In conclusion, using dictionaries to replace values in pandas dataframes is an efficient solution when replacing multiple values. It’s easy to use, and can be created dynamically based on the data.
Replacing with regex
In pandas, we can use regular expressions (regex) to replace values in a dataframe that matches a particular pattern. This can be useful for cleaning up data when there is a certain pattern in the values that needs to be changed.
We can use the replace()
function with regular expressions to replace the desired values. The syntax for replacing with regex is as follows:
df['column_name'] = df['column_name'].replace({'regex_pattern': 'new_value'}, regex=True)

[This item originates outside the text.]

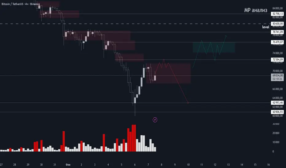 Тренд медвежий — это видят все, но большинство хочет открыть шорты с премиум зоны (76к-86к) и по текущим вход мало кто будет искать. Исходя из этого важно найти точку входа в шорт либо с текущих - либо искать продолжение в лонг

For example, let’s consider a dataframe with a ‘phone_number’ column, where the values are in the format ‘(XXX) XXX-XXXX’. If we want to replace all the brackets and hyphens with spaces, we can use the following regex:
df['phone_number'] = df['phone_number'].replace({'[\(\)\-]': ' '}, regex=True)
The [\(\)\-]
pattern matches all occurrences of open parenthesis, closed parenthesis, and hyphen characters, and replaces them with a space.
We can also use regex to replace a value or pattern with another value extracted from the original string. For example, suppose we have a column named ‘date’ with dates in the format ‘MM/DD/YYYY’, and we want to replace the year with the last two digits only. We can use the str.replace()
method with regex to accomplish this as follows:
df['date'] = df['date'].str.replace('(\d{2}/\d{2}/)\d{4}', r'\1YY', regex=True)
In this example, the pattern (\d{2}/\d{2}/)\d{4}
matches any string with the format XX/XX/YYYY
, and replaces only the YYYY
part of the string with YY
.
In conclusion, using regex to replace values in pandas dataframes offers a flexible way of replacing values based on patterns in the data. By using regex patterns, you can identify and replace data accurately and efficiently.
Summary
The replace()
function in pandas is a powerful tool for replacing values in dataframes. It is especially useful when working with missing or null values, or when large-scale replacements are needed. This article covered three different ways to use the replace()
function in pandas:
- Replacing values in a column
- Replacing with dictionaries
- Replacing with regex
By providing examples for each method, we have demonstrated the versatility and efficiency of this function. The next time you need to manipulate data in pandas, remember to use the replace()
function to make cleaning and reformatting your data a breeze.